(Beginning of Input records)

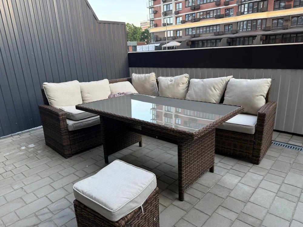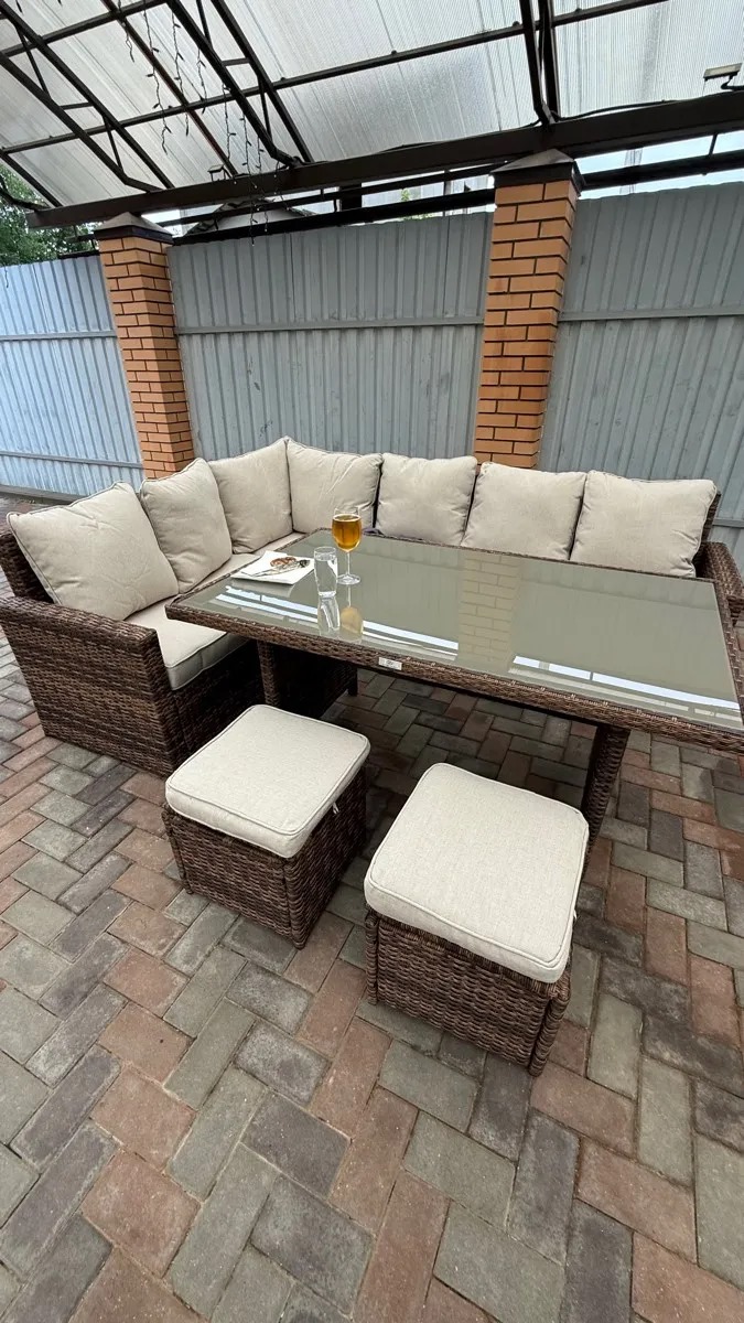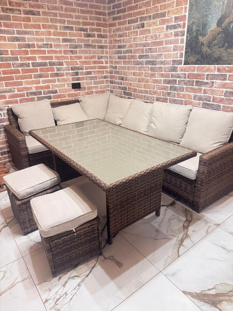 В состав набора входит вместительный угловой диван, а также два пуфа с мягкими подушками-сидениями, которые дополнены высоким обеденным столом со столешницей из закаленного стекла прямоугольной формы. Комплект обеспечивает возможность комфортного размещения компании из 5-7 человек, а размеров стола вполне достаточно для расстановки всех любимых блюд и напитков. Садовая мебель ZORRO выполнена в лаконичном современном дизайне с декоративной отделкой из искусственного ротанга, плетение которого осуществлено ручным способом. Благодаря сочетанию мягких коричневых оттенков набор отлично вписывается в любое открытое пространство, а в зимнее время года может дополнить интерьер просторной гостиной, оформленной в современном или традиционном стиле.Мебель ZORRO – практичность и долговечность
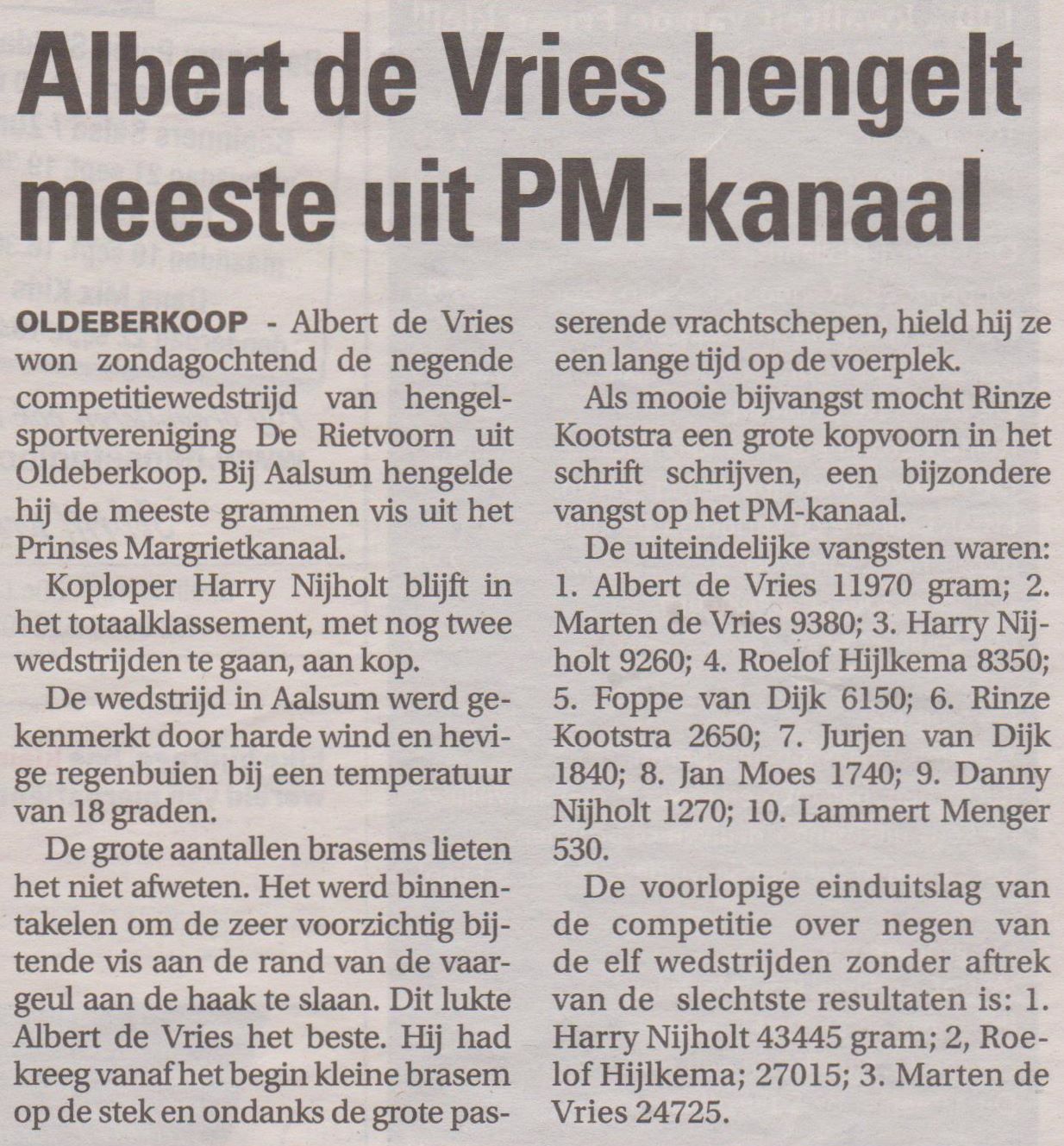 De grote aantallen Brasems lieten het deze keer niet afweten en werd op het PM Kanaal het gewicht door brasem bepaald en gevangen met een worm. Het werd binnen takelen om de zeer voorzichtig bijtende vis aan de rand van de vaargeul aan de haak te slaan. Dit lukte het beste bij Albert de Vries die vanaf het begin kleine brasem op de stek wist te krijgen en ondanks de grote passerende vrachtschepen een lange tijd op de voerplek wist te houden. Als mooie bijvangst mocht Rinze Kootstra een grote Kopvoorn in het schrift te schrijven een bijzondere vangst op het PM kanaal.
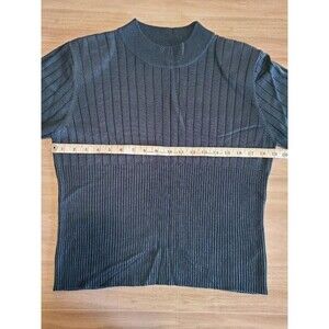 Blue Ribbed Sweater Shirt Short Sleeve Mock Neck Knit Top Casual Stretchy Tee
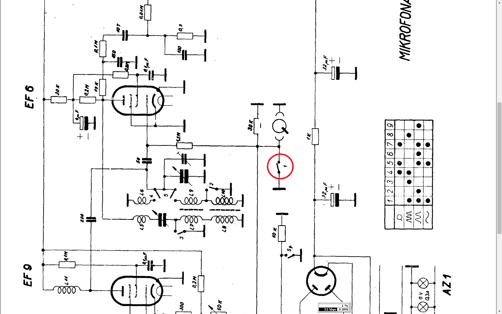 Napětí na ellytech je 270V a za odporem 230V, kolísá to v rozmezí 2V. Na katodě EL3 je okolo 3V, na anodě EF6 to napětí kolísá od zhruba 110V do 130V, mění se v závislosti na zvuku.
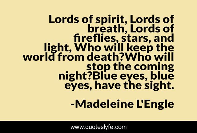 This page presents the quote "Lords of spirit, Lords of breath, Lords of fireflies, stars, and light, Who will keep the world from death?Who will stop the coming night?Blue eyes, blue eyes, have the sight.". Author of this quote is Madeleine L'Engle. This quote is about blue, eyes, death, stars, light, breath, sight, night, world,.
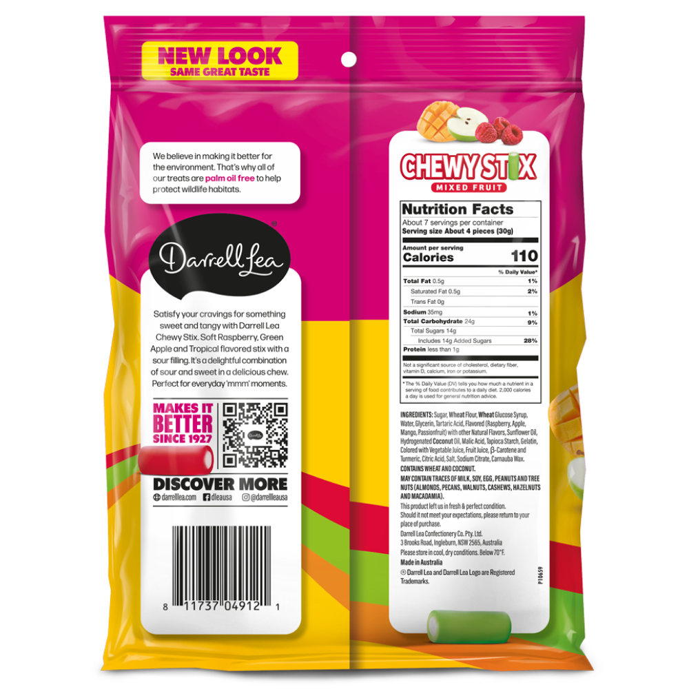 Satisfy your cravings for something sweet and tangy with Darrell Lea Chewy Stix.  Soft and chewy raspberry, green apple and tropical flavored stix with a sour filling-guaranteed to make your tastebuds tingle! It’s a delightful combination of sour and sweet in a delicious chew. Perfect for everyday ‘mmm’ moments.
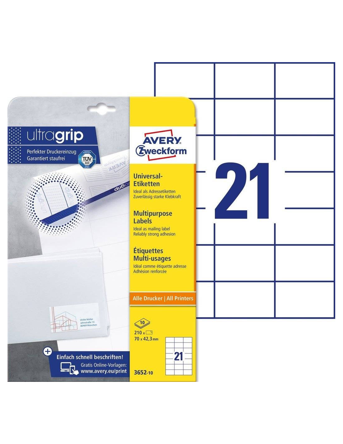 Universal etiketter der kan bruges i alle printere og kopimaskiner 10-arks prøvepakke til specialpris Garanteret jamfrit, til alle almindelige printere og kopimaskiner Problemfrit gennemløb i blæk og laserprinter Skarp klar udskrift uden sløring
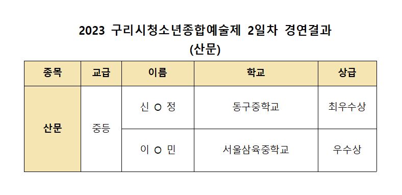 2023 구리시청소년종합예술제 산문 경연결과 작성자 관리자 등록일자 2023년 6월 22일 12시 17분 47초 조회 519 경연에 참가한 모든 청소년 여러분 수고하셨습니다. 000000.JPG [ Size : 37.66KB , Down : 404 ] 미리보기 다운로드 목록보기
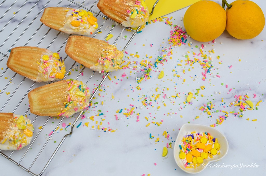 These madeleines are soft, delicate and lemony with a delicious white chocolate almond surprise in the center. I then went even further to dip these cookies in white chocolate for even more sin and sugar. I decided to decorate them with Kaleidoscope Sprinkle’s Cosmic Shimmers, Lemonade and Pineapple Skies Sprinkle Mixes for more color and pizazz.
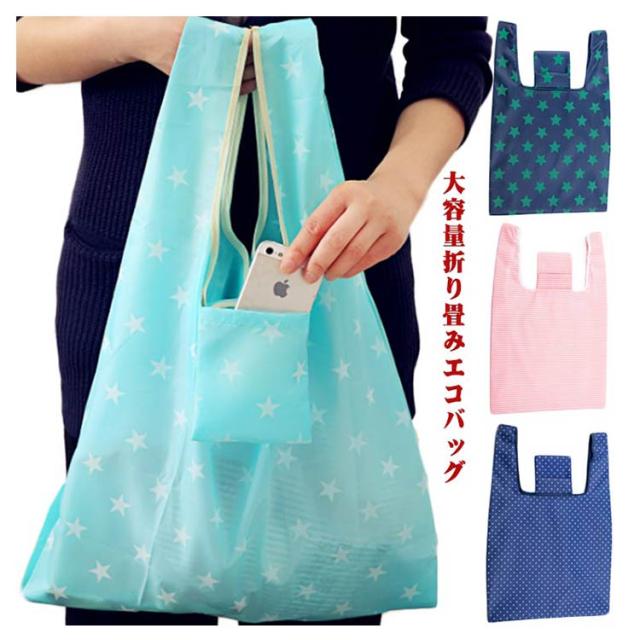 エコバッグ 折りたたみ コンパクト おしゃれ レディース メンズ エコバッグ 折りたたみバッグ コンパクト 防水 マザーズバッグ 軽量 大 大容量 コンビニ 丈夫 簡単 オシャレ ショッピングバッグ 大きい 折り畳み 星 ボーダー ドット柄 おすすめ 安い
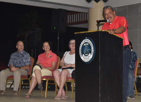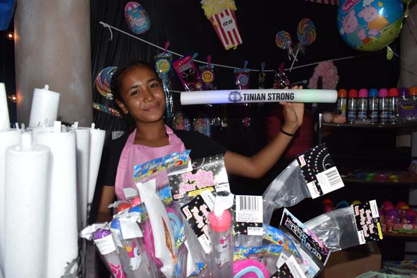 First lady Diann Torres, fourth left, reigning Miss Marianas Celine Cabrera, fifth left, join the contestants of the 2019 Miss Marianas crown for a group photo before the candidates are introduced to Tinian residents last Saturday.
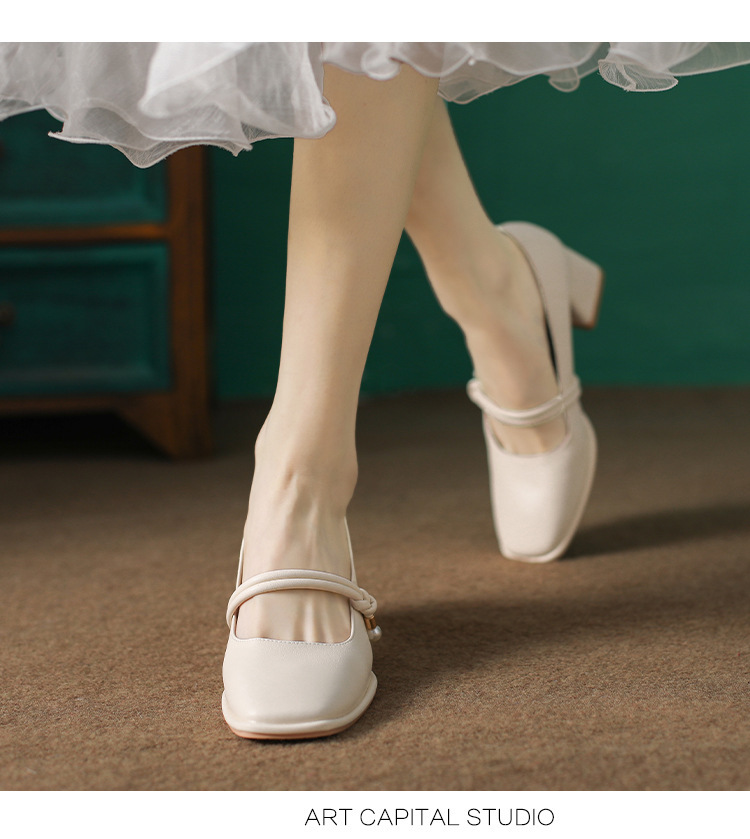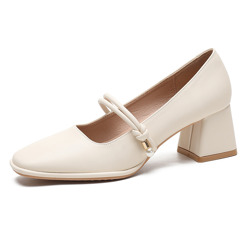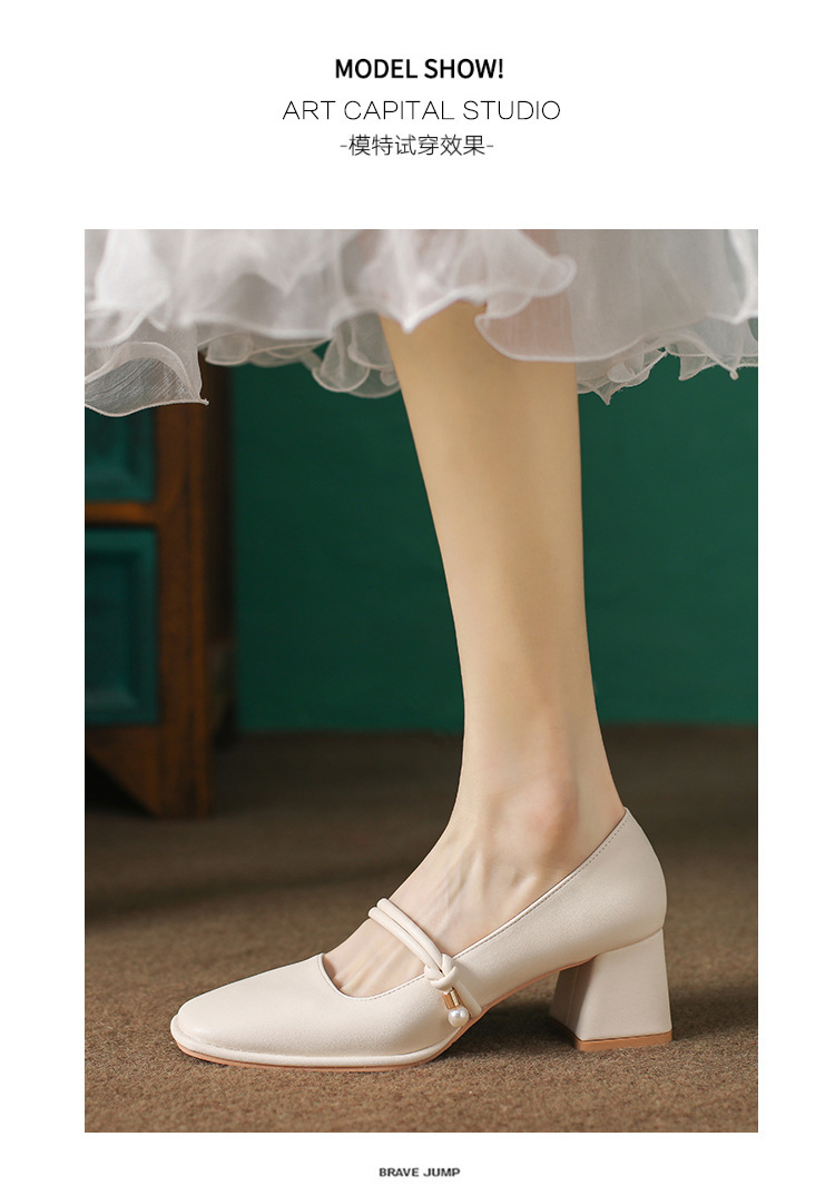 봄 가을 일상 광장 발가락 간단한 가죽 신발 한국 여성 신발 메리 제인 신발 여성 원피스 사무실 청키 힐 착용스토어 가기

(End of Input records)

Pick up at the line containing "エコバッグ 折りたたみ コンパクト" and copy each line exactly until the data ends, including that last line; copy no pictures.

 エコバッグ 折りたたみ コンパクト おしゃれ レディース メンズ エコバッグ 折りたたみバッグ コンパクト 防水 マザーズバッグ 軽量 大 大容量 コンビニ 丈夫 簡単 オシャレ ショッピングバッグ 大きい 折り畳み 星 ボーダー ドット柄 おすすめ 安い
 First lady Diann Torres, fourth left, reigning Miss Marianas Celine Cabrera, fifth left, join the contestants of the 2019 Miss Marianas crown for a group photo before the candidates are introduced to Tinian residents last Saturday.
 봄 가을 일상 광장 발가락 간단한 가죽 신발 한국 여성 신발 메리 제인 신발 여성 원피스 사무실 청키 힐 착용스토어 가기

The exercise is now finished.